- [Task objective] The pictures are to be left out, and all remaining data is to be transcribed exactly as it appears.

- [Records supplied]

§ §

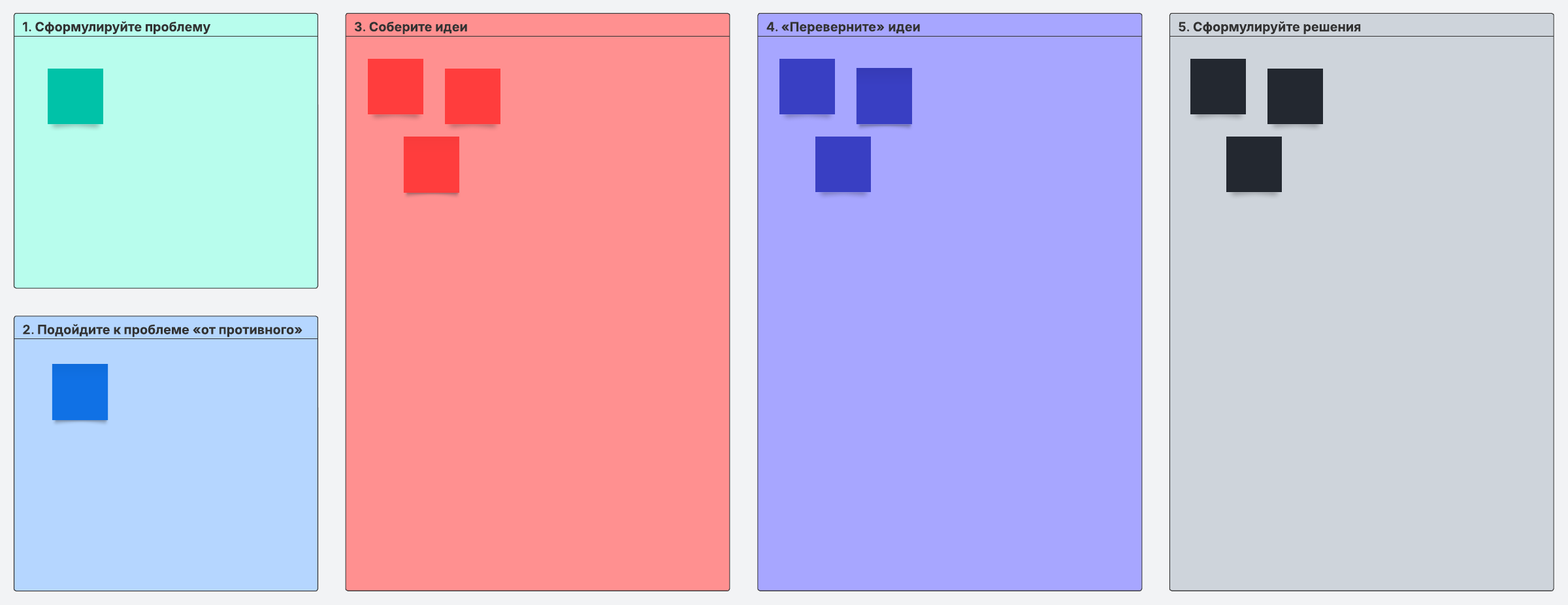 Обратный мозговой штурм позволяет сначала сосредоточиться на самой проблеме и только потом предлагать решения. Участникам предстоит подойти к проблеме «от противного», то есть проанализировать ее причины, а затем собрать идеи и выдвинуть возможные решения.
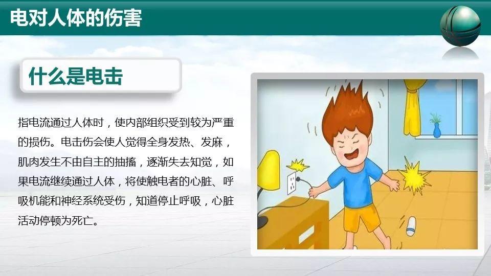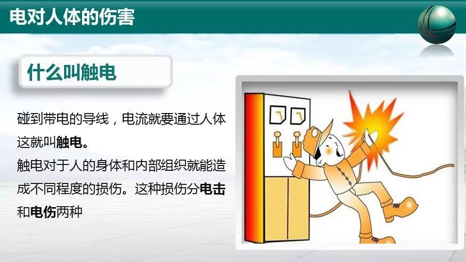 “电击”:电流流过人体内部破坏心脏、呼吸与神经系统,重则危及生命。
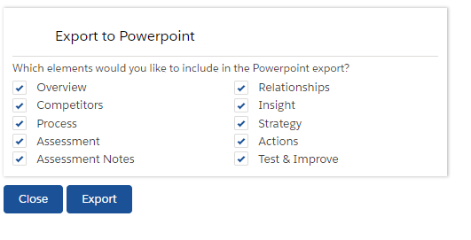 3. The Export to Powerpoint dialog opens. Here you can select which elements of the opportunity you want to include in the PowerPoint file. (The set of options you get depends on the configuration of your org.)
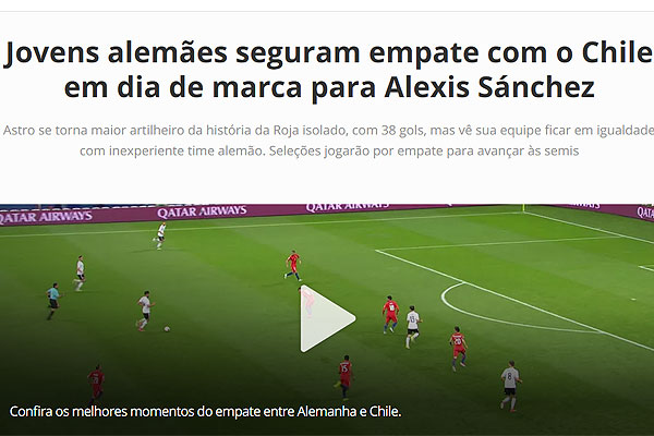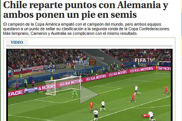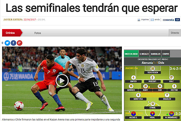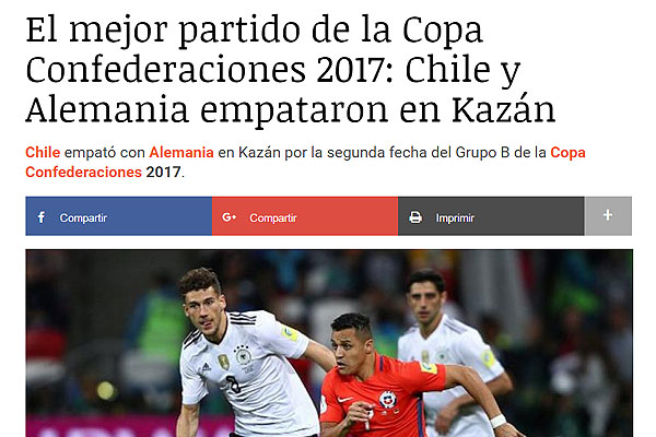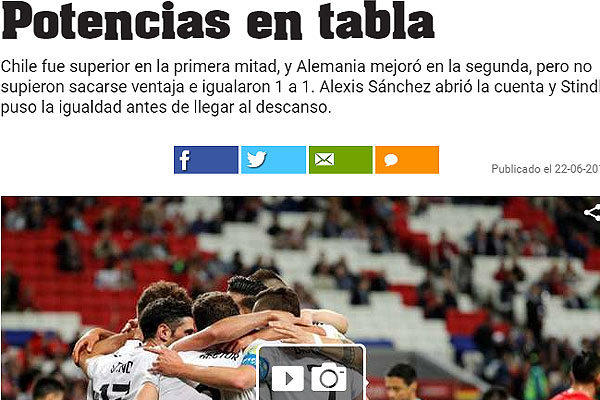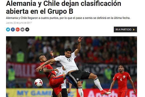 "Chile reparte puntos con Alemania y ambos ponen un pie en semis. El campeón de la Copa América empató con el campeón del mundo, pero ambos equipos quedaron a un punto de sellar su clasificación a la segunda ronda de la Copa Confederaciones. En el Kazan Arena, germanos y sudamericanos jugaron un partido demasiado táctico, dominado en la primera parte por Chile e igualado en la segunda con la participación de Marc-André ter Stegen en el arco de Alemania por decisión de Joachim Löw".
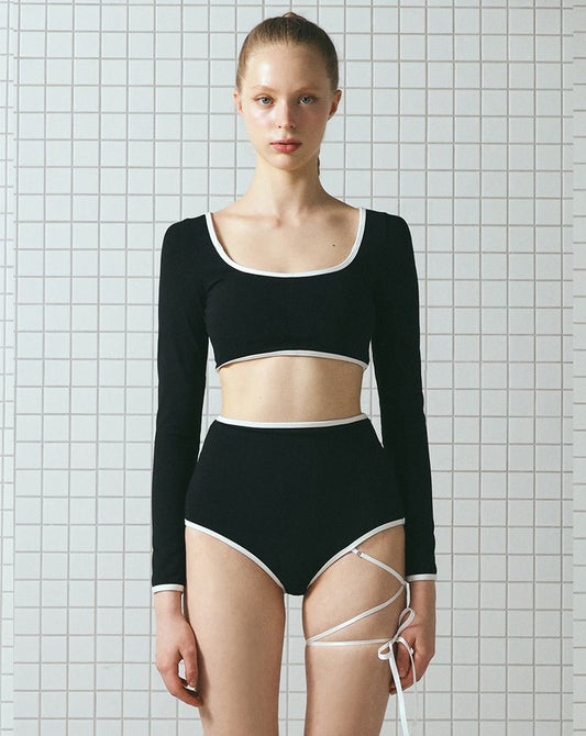 LUNE Long-Sleeve & Shorts 2-Piece Tie-Up Swimsuit Set
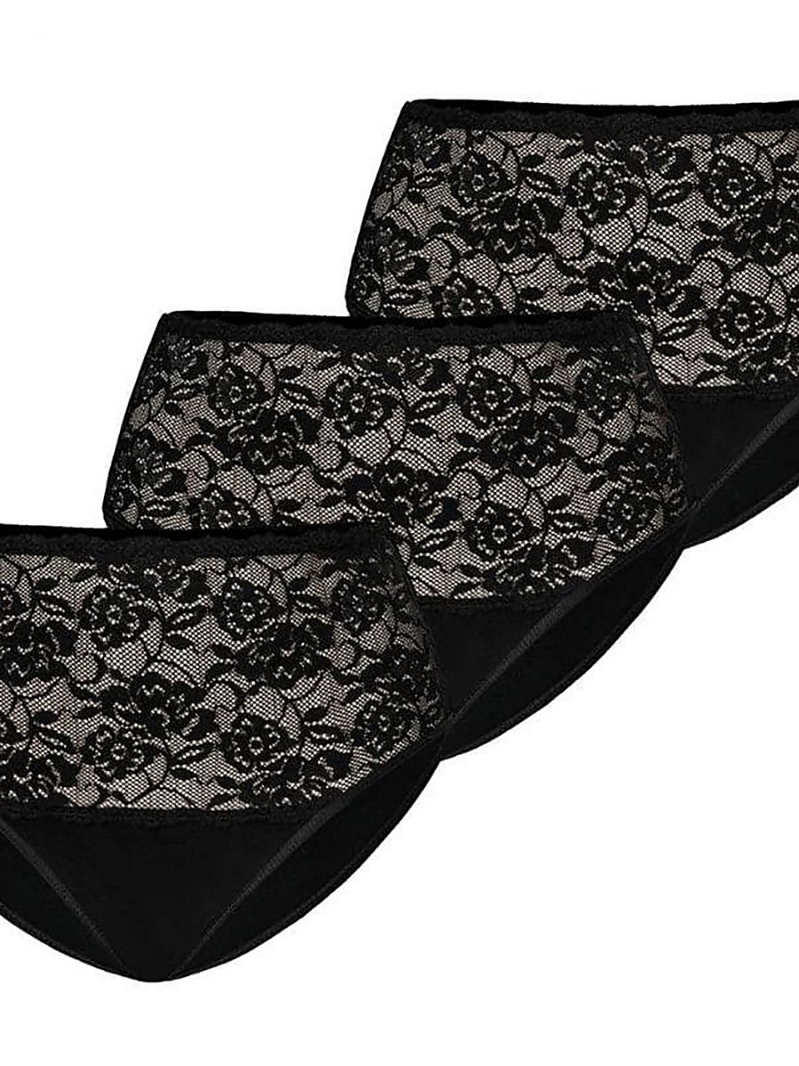 Trójpak majtek damskich z wysokim stanem w kolorze czarnym. Zestawy cieszą się na rynku dużą popularnością wśród kupujących z uwagi na atrakcyjną cenę. Majtki wykonane są z bawełny z dodatkiem elastycznej nici lycry, z przodu zdobione efektowną koronką o wzorze kwiatowym. Wielopaki fig damskich są dobrym pomysłem na prezent.
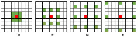 The grid rectangles represent examples of the learned dynamic filters with different weights and receptive fields, the red squares represent the input pixel, and green squares represent the pixels used to calculate the pixel visual feature (PVF). (a) r = 1. (b) r = 2. (c) r = 3. (d) r = 4.
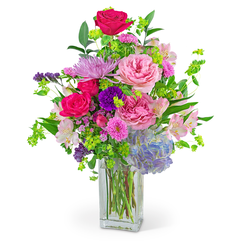 Who wouldn't love to receive this bright and blooming flower arrangement? Show your Unconditional Love with various light pink and dark pink roses, hydrangea, dianthus, carnations, alstroemeria, spider mums, and premium foliage in a clear vase. This would be a perfect gift for an anniversary, birthday, or Mother's Day and will look perfect on a Dining room table or kitchen bar.
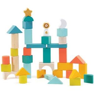 Sevi Set Cubetti Astronauta con Secchiello in Legno - 37 Pezzi, Giochi Impilabili e Costruzioni
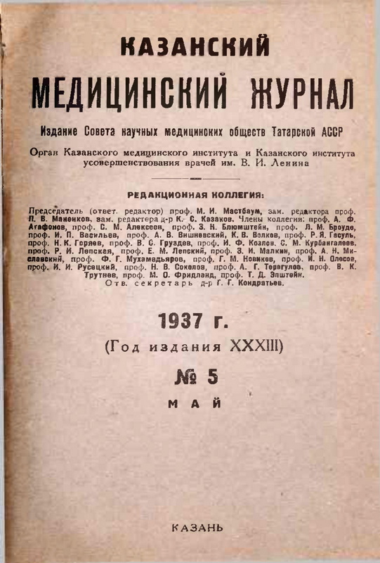 In the literature available to us, we could find only one work (Prof. MO Friedland "Questions of Tuberculosis", 1932), devoted to the issue of the spread of osteoarticular (c.-c. TBK) and glandular tuberculosis in the Tatar Republic. In this work, prof. Friedland gives comparative statistics on the number of cases of K.-s. TBK based on the materials of the Ukrainian tube. Institute with the data obtained by him as a result of the survey of the Menzelinsky region of the TASSR.

§ §

- [Worked solution]
 Обратный мозговой штурм позволяет сначала сосредоточиться на самой проблеме и только потом предлагать решения. Участникам предстоит подойти к проблеме «от противного», то есть проанализировать ее причины, а затем собрать идеи и выдвинуть возможные решения.
 “电击”:电流流过人体内部破坏心脏、呼吸与神经系统,重则危及生命。
 3. The Export to Powerpoint dialog opens. Here you can select which elements of the opportunity you want to include in the PowerPoint file. (The set of options you get depends on the configuration of your org.)
 "Chile reparte puntos con Alemania y ambos ponen un pie en semis. El campeón de la Copa América empató con el campeón del mundo, pero ambos equipos quedaron a un punto de sellar su clasificación a la segunda ronda de la Copa Confederaciones. En el Kazan Arena, germanos y sudamericanos jugaron un partido demasiado táctico, dominado en la primera parte por Chile e igualado en la segunda con la participación de Marc-André ter Stegen en el arco de Alemania por decisión de Joachim Löw".
 LUNE Long-Sleeve & Shorts 2-Piece Tie-Up Swimsuit Set
 Trójpak majtek damskich z wysokim stanem w kolorze czarnym. Zestawy cieszą się na rynku dużą popularnością wśród kupujących z uwagi na atrakcyjną cenę. Majtki wykonane są z bawełny z dodatkiem elastycznej nici lycry, z przodu zdobione efektowną koronką o wzorze kwiatowym. Wielopaki fig damskich są dobrym pomysłem na prezent.
 The grid rectangles represent examples of the learned dynamic filters with different weights and receptive fields, the red squares represent the input pixel, and green squares represent the pixels used to calculate the pixel visual feature (PVF). (a) r = 1. (b) r = 2. (c) r = 3. (d) r = 4.
 Who wouldn't love to receive this bright and blooming flower arrangement? Show your Unconditional Love with various light pink and dark pink roses, hydrangea, dianthus, carnations, alstroemeria, spider mums, and premium foliage in a clear vase. This would be a perfect gift for an anniversary, birthday, or Mother's Day and will look perfect on a Dining room table or kitchen bar.
 Sevi Set Cubetti Astronauta con Secchiello in Legno - 37 Pezzi, Giochi Impilabili e Costruzioni
 In the literature available to us, we could find only one work (Prof. MO Friedland "Questions of Tuberculosis", 1932), devoted to the issue of the spread of osteoarticular (c.-c. TBK) and glandular tuberculosis in the Tatar Republic. In this work, prof. Friedland gives comparative statistics on the number of cases of K.-s. TBK based on the materials of the Ukrainian tube. Institute with the data obtained by him as a result of the survey of the Menzelinsky region of the TASSR.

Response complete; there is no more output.